A verbatim copy is needed of the lines below from the one containing "Outsunny 10x10ft Patio" up to and including the one containing "KÉSZ EBÉD HÚSSAL, BAROMFIVAL", excluding pictures.
AVAILABLE DATA: Begin
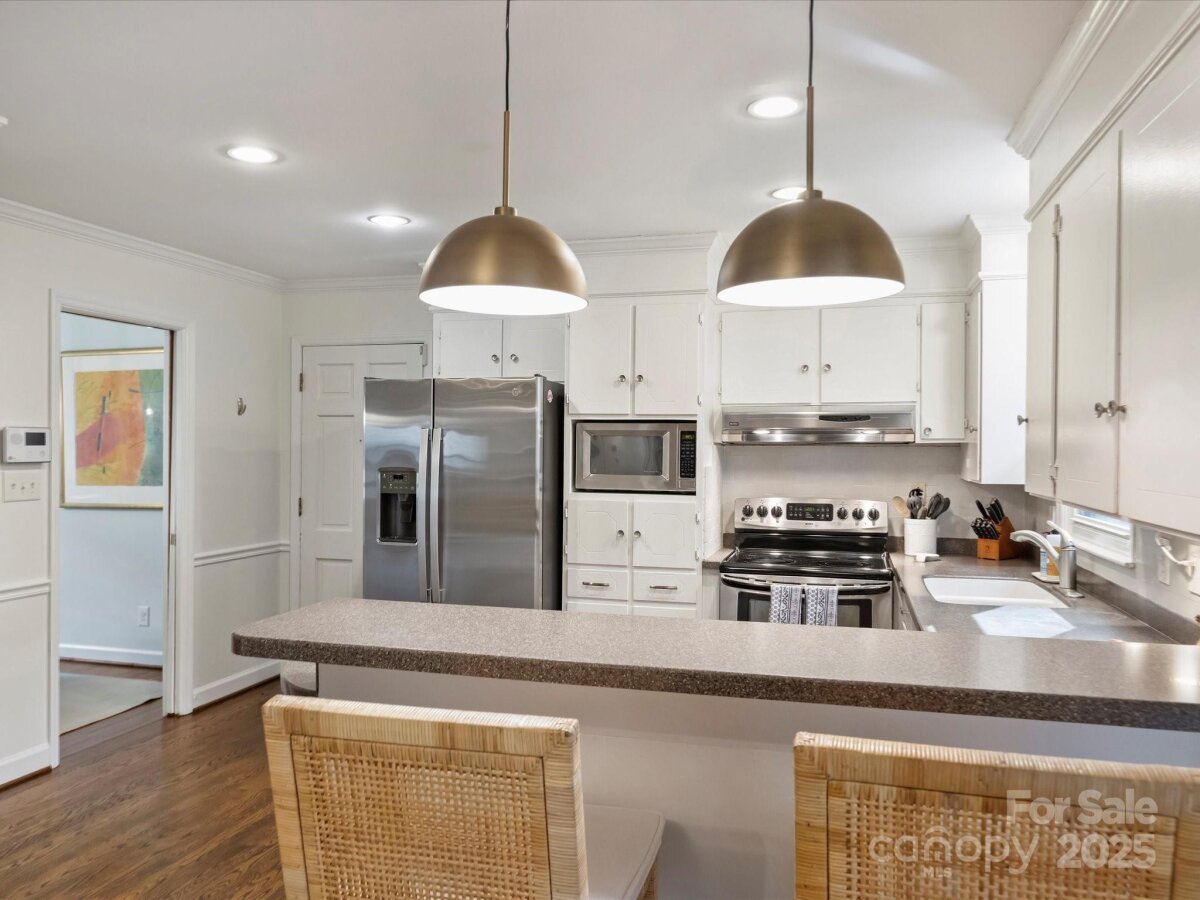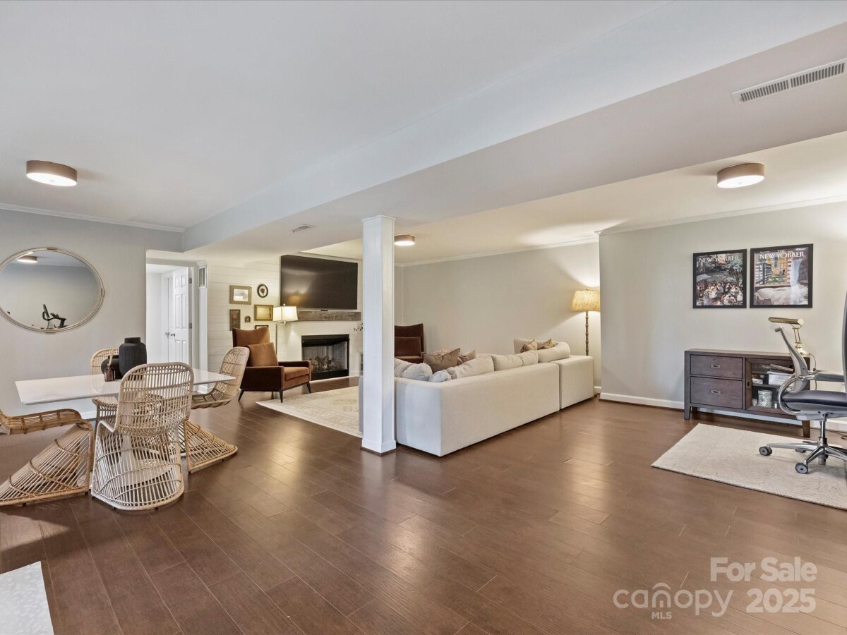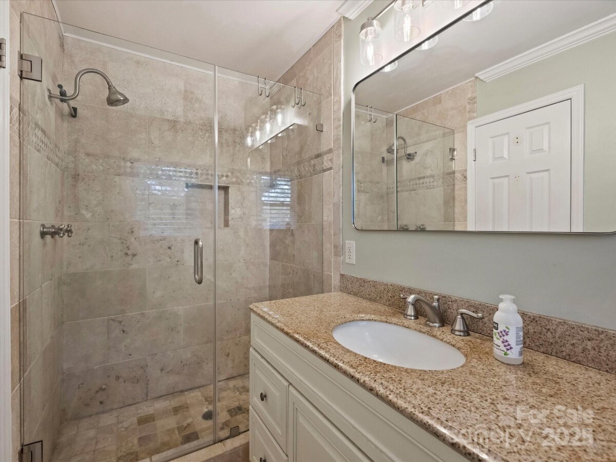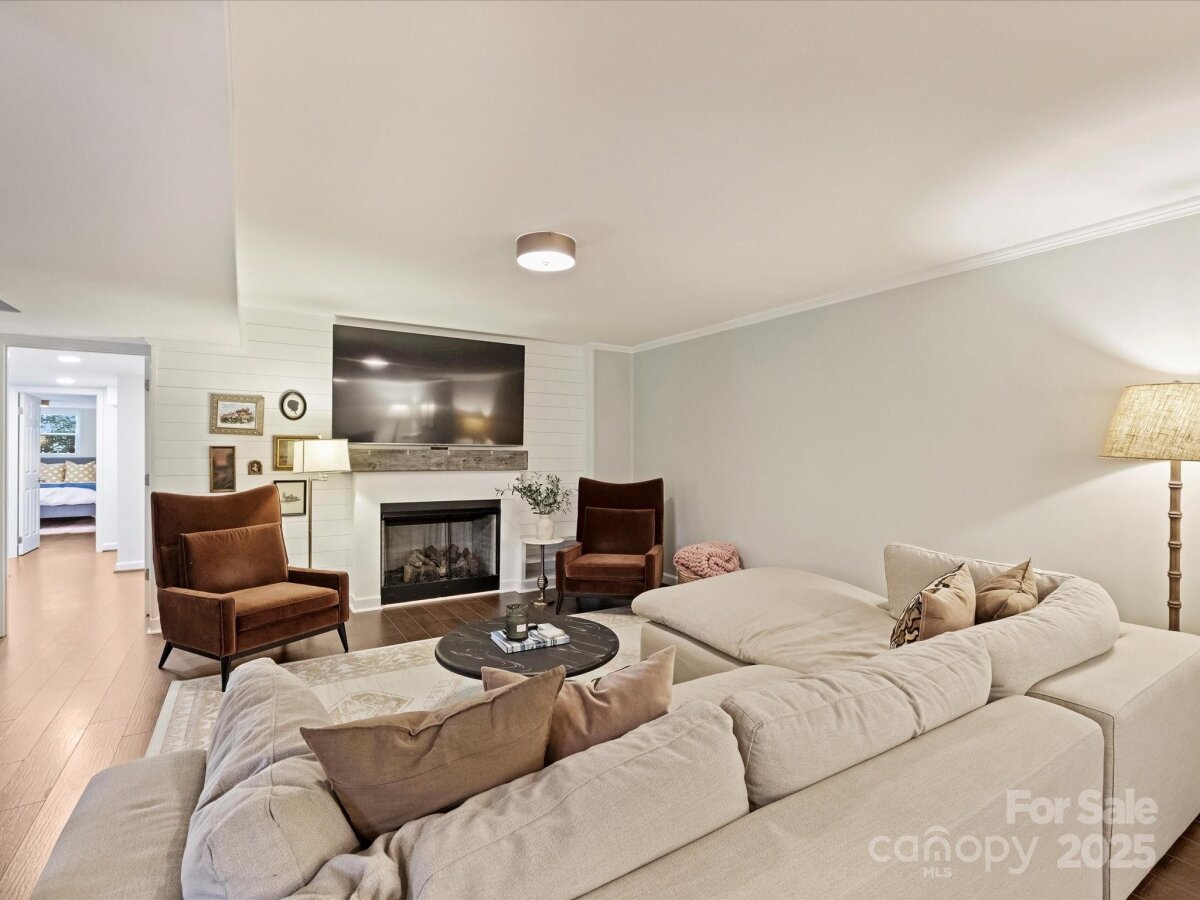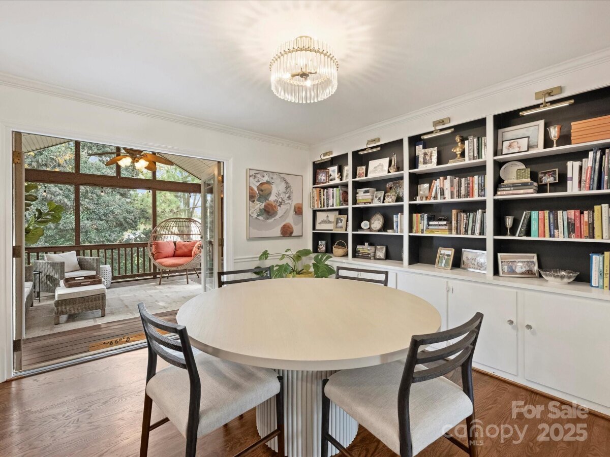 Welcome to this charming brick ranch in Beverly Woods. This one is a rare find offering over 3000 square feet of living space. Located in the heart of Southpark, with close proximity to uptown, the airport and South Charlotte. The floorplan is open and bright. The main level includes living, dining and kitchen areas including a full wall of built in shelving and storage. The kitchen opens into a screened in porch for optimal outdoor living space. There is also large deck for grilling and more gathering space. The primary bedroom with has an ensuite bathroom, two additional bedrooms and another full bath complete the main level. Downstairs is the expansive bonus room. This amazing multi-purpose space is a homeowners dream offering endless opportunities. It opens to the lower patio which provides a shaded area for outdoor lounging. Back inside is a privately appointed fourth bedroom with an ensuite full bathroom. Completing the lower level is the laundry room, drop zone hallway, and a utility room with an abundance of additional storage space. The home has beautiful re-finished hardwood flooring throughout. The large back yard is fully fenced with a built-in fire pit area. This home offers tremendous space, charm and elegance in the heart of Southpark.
AVAILABLE DATA: End
AVAILABLE DATA: Begin
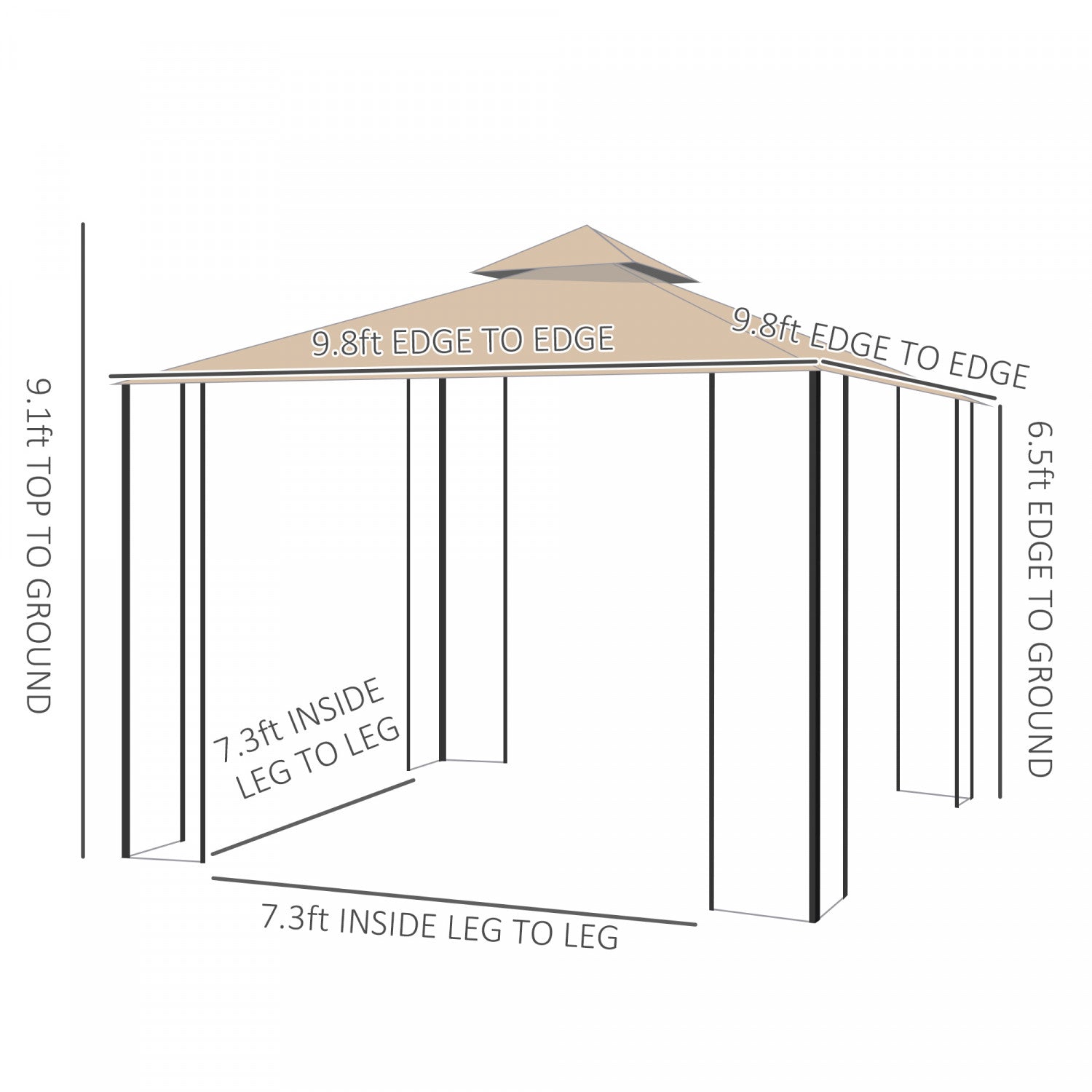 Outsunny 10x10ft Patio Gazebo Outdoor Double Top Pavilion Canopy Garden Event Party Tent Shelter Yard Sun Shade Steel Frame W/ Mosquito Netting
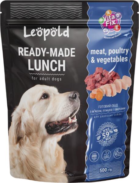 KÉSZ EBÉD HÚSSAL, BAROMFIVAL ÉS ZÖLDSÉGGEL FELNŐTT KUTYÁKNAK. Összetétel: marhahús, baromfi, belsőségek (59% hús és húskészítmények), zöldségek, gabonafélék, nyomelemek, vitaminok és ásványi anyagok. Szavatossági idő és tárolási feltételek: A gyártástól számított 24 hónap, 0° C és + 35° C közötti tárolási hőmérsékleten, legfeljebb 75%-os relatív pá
AVAILABLE DATA: End
• OUTPUT
 Outsunny 10x10ft Patio Gazebo Outdoor Double Top Pavilion Canopy Garden Event Party Tent Shelter Yard Sun Shade Steel Frame W/ Mosquito Netting
 KÉSZ EBÉD HÚSSAL, BAROMFIVAL ÉS ZÖLDSÉGGEL FELNŐTT KUTYÁKNAK. Összetétel: marhahús, baromfi, belsőségek (59% hús és húskészítmények), zöldségek, gabonafélék, nyomelemek, vitaminok és ásványi anyagok. Szavatossági idő és tárolási feltételek: A gyártástól számított 24 hónap, 0° C és + 35° C közötti tárolási hőmérsékleten, legfeljebb 75%-os relatív pá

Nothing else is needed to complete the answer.